В избе снова воцарилась тишина. Ксенофонт еще раз вздернул плечами, поднялся и, ни слова не промолвив, ушел. Вслед за ним, притворно зевнув и сказав: «Завтра надо пораньше вставать», вышел Ефим Пузанков, за Ефимом — дед Аким.
— Эх, люди… мыслете… — вздохнул Семен Савушкин.
Вечер расстроился.
Когда отец вышел проводить остальных мужиков и в хате никого не осталось, Мишка соскочил с печи и подобрал бумажку. Раз отец рассердился, значит бумажка была обидная, и ее следовало порвать. Но в бумажке оставалось непрочитанным самое интересное: сколько стоил Мишкин прадед с прабабкою и с чадами. Мишка стоял в нерешительности. Вдруг в сенцах лязгнула щеколда. Мишка вскочил на печь и сунул бумажку в «Соломон-оракул».
Так среди любимых Мишкиных игрушек оказалась ненавистная и интересная бумажка — родословная.
Летающее сало
На дворе лютые морозы. Мишка сидит на печке, вьет веревочку и разговаривает сам с собой: «Теперь ты у меня чорта с два улетишь. Я тебе, милое, подвяжу как следует крылышки. И не трепыхнешься даже… Вот как…»

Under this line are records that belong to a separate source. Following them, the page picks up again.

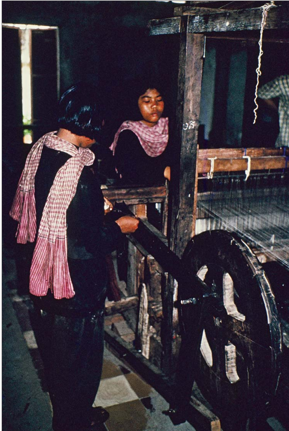
កម្មករតម្បាញ
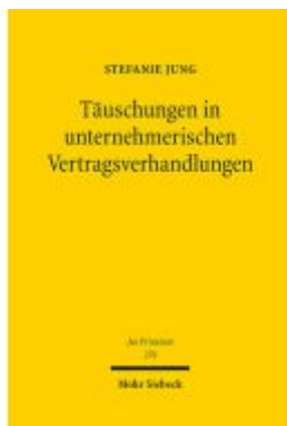
Täuschungen in unternehmerischen Vertragsverhandlungen Ladenpreis: 163,50EUR
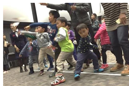
子育てイベント (JAL紙ヒコーキ教室)
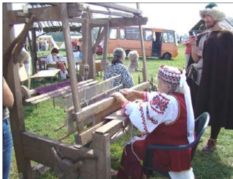
Prezentacja warsztatu tkackiego - Festyn Archeologiczny' Zbucz 2008

Spowodowało to pełniejszy rozwój kulturalny społeczności wiejskiej, także w dziedzinie sztuki. Przeżywała ona rozkwit w XIX wieku kiedy kraj znajdował się pod zaborami. Powstawała na zamówienie i dla potrzeb środowiska wiejskiego, dość zamkniętego, uboższego i mniej wykształconego od innych, izolowanego od głównego nurtu kultury. Również w życiu społeczności regionu Puszczy Białowieskiej pełniła funkcje kultowe (malarstwo religijne), obrzędowe (kostiumy przebierańców, pisanki) oraz prestiżowe (zdobienie przedmiotów użytkowych, urządzenie wnętrz mieszkalnych, stroje). Przedmioty sztuki ludowej wykonywali najczęściej sami mieszkańcy wsi. Architekturę tworzyli wyspecjalizowani cieśle i budowniczowie wiejscy lub małomiasteczkowi.
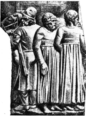
Сарматы. Рис. с колонны Траяна в Риме

бытом, нравами, внешним видом, то греко-римские писатели предпочитали называть их просто варварами (т. е. неримлянами), нередко даже не указывая, к каким племенам принадлежали эти варвары. Только гунны, появившиеся на исторической сцене около 375 г., поразили их своею дикостью, и они отметили полное несходство этих новых страшных врагов Империи по сравнению со всеми другими варварами.
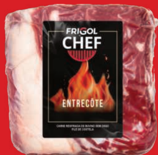
Entrecôte Frigol Chef Resfriado a Vácuo kg
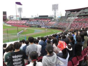
第 78 回定期戦 (R5. 5. 13)

令和 5 年度で戦後第 78 回目を迎える伝統ある行事です。開催数日前に両校の大勢の生徒が街中をアピール行進し、雰囲気盛り上げます。定期戦は 5 月中旬に楽天モバイルパーク宮城で開催され、両校の伝統ある全校応援合戦も見ものになっています。令和 5 年度も一高が優勝し、3 連覇を成し遂げました。
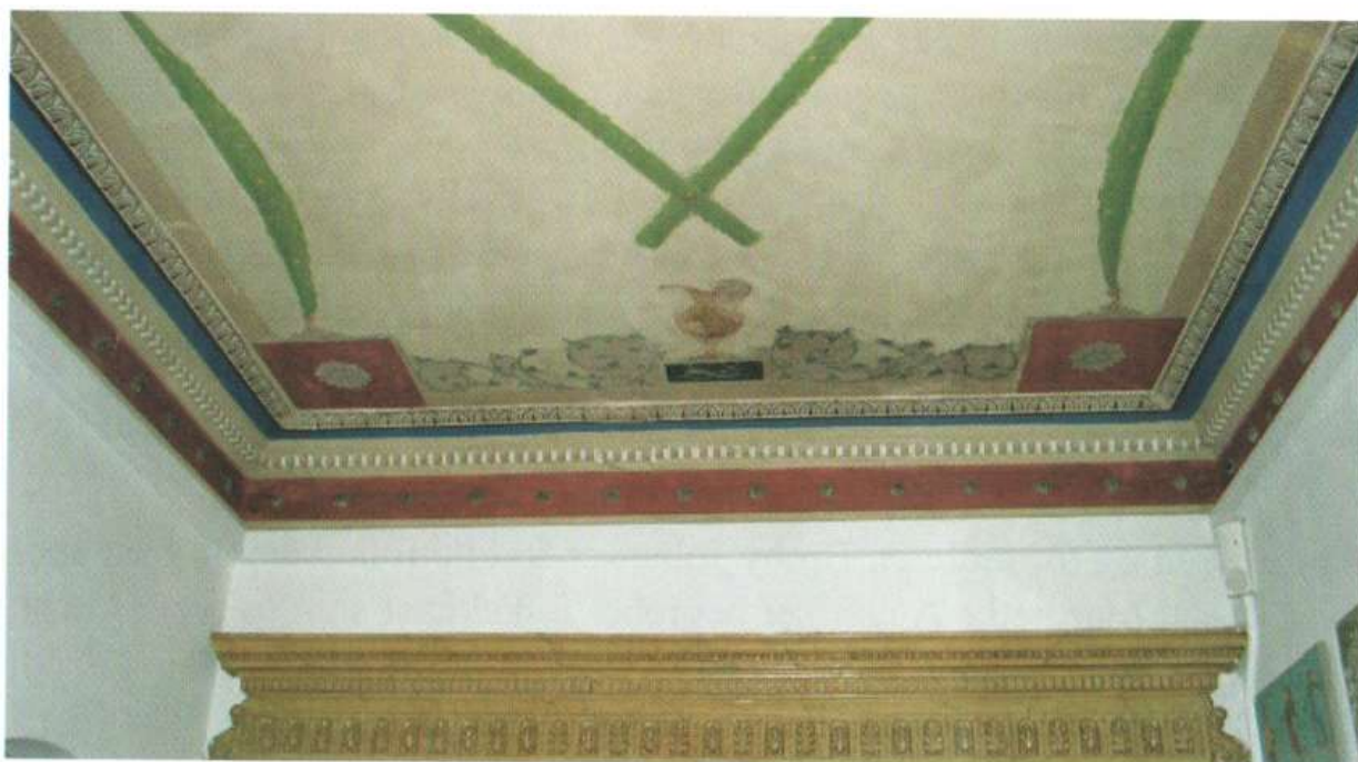
Indgangen til Toftekærgård, Egelundsvej 7.

udskåret med inspiration fra de græske templer. Vi kender ikke navnet på den malersvend, som har lavet disse dekorationer. Måske har dekorationskunstnere gået fra hus til hus og tilbudt at give beboerne noget godt at se på i det daglige. Fordi ejeren af Toftekærgård i sin tid sagde ja til udsmykning af loftet i indgangen, kan vi i dag have glæde af at se op i loftet, mens vi hænger tøjet på knagerne.
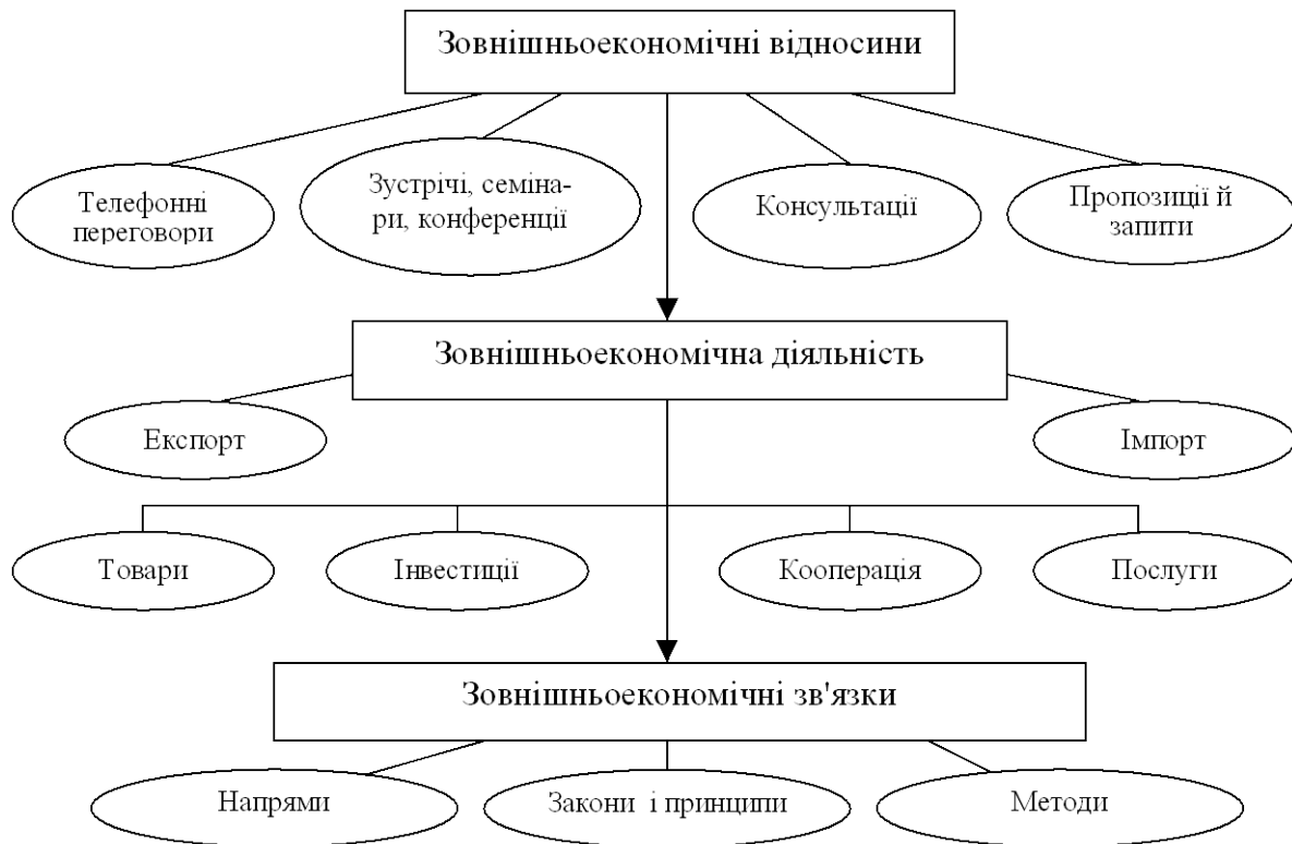
Рис. 1. Система взаємопов'язаних понять “зовнішньоекономічні відносини”, “зовнішньоекономічна діяльність”, “зовнішньоекономічні зв'язки”

Так, у США до 60 % продукції, виробленої фермерами, реалізується по регульованих каналах збуту, по контрактах із визначенням термінів поставок, їх обсягів і попередньо обумовленої ціни. Інший канал реалізації зерна – фермерські кооперативи, де також виключена стихія ринку.
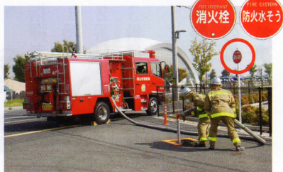
消火栓は、消防自動車が吸水しやすいように、道路脇や歩道上に設置されています。
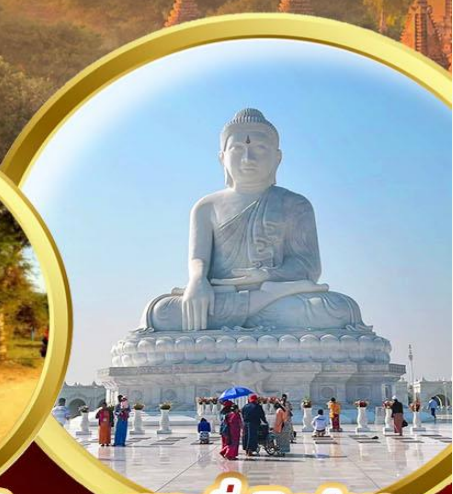
พระนั่งหินอ่อน

Утром он слышал, как мать говорила отцу:
— Сала уже на донышке осталось. Пора, должно быть, ему и на дуб улетать.
— Ну что ж, — сказал отец, — пора так пора…
Мишка вспоминает этот разговор и улыбается: «У кого улетит, а наше, как миленькое, будет сидеть».
Раз в год, к рождеству, Яшкины, как почти каждый двор Вареновки и Кобыльих выселок, кроме Макара Ярочкина да бабки Косой Дарьи, резали свинью. Собственно, это была не свинья, а пяти-шестимесячный подсвинок. Откармливался он обычно летом на крапиве, собачьей лебеде и бурачной ботве, а осенью на картошках. Оттого подсвинок бывал шелудив, щетинист, с желваком на брюхе, видом больше похож на ежа, чем на свинью. Сала с подсвинка нарезали с пуд, и толщиной оно даже на хребте было не больше как в два пальца.
Сала вдоволь ели только первые два дня праздника рождества. Потом оно становилось все более и более редким гостем на столе и наконец, примерно в середине рождественского мясоеда, совсем исчезало. А когда Мишка спрашивал у матери, куда девалось сало, она объясняла:
— На монашеский дуб улетело. Теперь, сынок, пасху жди. На пасху оно снова прилетит.
— А как же оно без крыльев летает? — недоумевал Мишка.
— А как летает ковер-самолет? — спрашивала мать.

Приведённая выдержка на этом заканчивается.